May 12, 2018
One common question that scientists always ask when they get the signal from an antibody based assay is: "Does this signal truly represent the presence and quantity of my protein?"
Antibody specificity is always a concern for scientists. Even though there are a number of validation methods that have been used for the specificity testing, the data is often over-interpreted. Research data from various groups have shown some widely used monoclonal antibodies on the market are actually not mono-specific. They can cross-react with other proteins. And the cross-reactivity may mislead researchers with false positive results, and potentially cause unexpected side effects and false diagnostic reports for clinicians.
So what are the controls we should use for the validation of antibody specificity?
Cell lines and tissues that express the target proteins in high amounts can be used as positive controls for antibody validation. It can be endogenous protein or overexpressed protein encoded by a cDNA clone. However, positive control won’t be able to confirm the specificity of the antibody. You can see a band at the correct size or positive staining in the right subcellular location, but all of them could be false positive signals from the cross-reactivity of antibody. So normally for antibody validation, a negative control is required for the assessment of non-specific binding.

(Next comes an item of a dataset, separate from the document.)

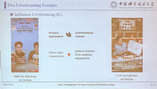 直播电商重构了电商交易模式与消费场景,研究其策略选择、机制设计与主体互动,既能破解信息不对称难题,又能为品牌直播决策和平台治理优化提供理论支撑。为增进学院师生对这一领域的理解,学院于2025年12月19日上午,特邀中国科学技术大学张鑫副教授,举办了主题为《Brand-Owned or Influencer Livestreaming? Strategic Choices across Brand Awareness and Product Characteristics》的学术讲座。讲座通过构建博弈模型,系统分析品牌自播和达人直播这两种主流直播策略选择问题,学院相关领域多位教师和众多学生积极参与。

Knockout validation is so far the best negative control for the assessment of antibody specificity. In knockout validation, the antibody is tested on a knockout cell line which doesn't express the target protein. Starting from 2017, OriGene has teamed up with EdiGene, a CRISPR innovator, to produce double-knockout cells in a high-throughput manner. Unlike the knockout cell line from Horizon, OriGene knockout cell lines are from the commonly used cell lines, such as HEK293T or HeLa, making the product more relevant for researchers. In this double knockout cell line, the antibody target is not present as the gene encoding the protein is eliminated or "knocked out". Samples from knockout cells and parental cells (wild type) are tested side-by-side against the same antibody, and if the antibody is truly specific, it should only detect the specific signal in wild type cell but not in the knockout cell line. Using the lysates from these knockout cells, we have validated more than 100 monoclonal antibodies ( KO validated antibodies). Knockout validation is believed to offer a true negative control for antibody specificity testing.

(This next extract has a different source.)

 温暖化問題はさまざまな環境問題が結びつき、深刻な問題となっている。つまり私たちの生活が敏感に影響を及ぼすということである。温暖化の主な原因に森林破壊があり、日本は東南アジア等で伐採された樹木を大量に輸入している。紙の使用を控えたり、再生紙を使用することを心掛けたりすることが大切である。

But is knockout validation enough to confirm the mono-specificity of an antibody? I would hold this conclusion with caution. First of all, the off target effects of knockout cells are not well studied at this stage. So you could have a knockout cell not only eliminate the expression of your protein of interest, but also eliminate or reduce the expression of another protein, that may be a protein cross-reacting with the antibody. So the negative signal doesn’t always mean antibody won’t react with any other proteins except for the protein of interest. Secondly, testing with knockout cell/tissue is only possible for the non-essential proteins. For the essential proteins, knockout is impossible. So for these proteins, you will need another way to test the specificity of the antibody.
Several years ago, OriGene developed a protein array method for antibody specificity testing. With the world’s largest collection of overexpression lysates, we have made a unique protein chip that contains >10k over-expressed human proteins in duplicate on a single nitrocellulose coated glass slide. This protein microarray technology has been used to validate the specificity of many OriGene UltraMAB® monoclonal antibodies. By increasing the protein numbers on the chip, the cross-reactivity of an antibody can be further studied across the whole human proteome.
In summary, antibody specificity testing is rather complicated. It needs to be validated through multiple tools and directions. As technology continues to advance, we will have more valuable assets and standardized procedures for antibody validation. Scientists will not face the same question when they get positive signals from their antibody based assays.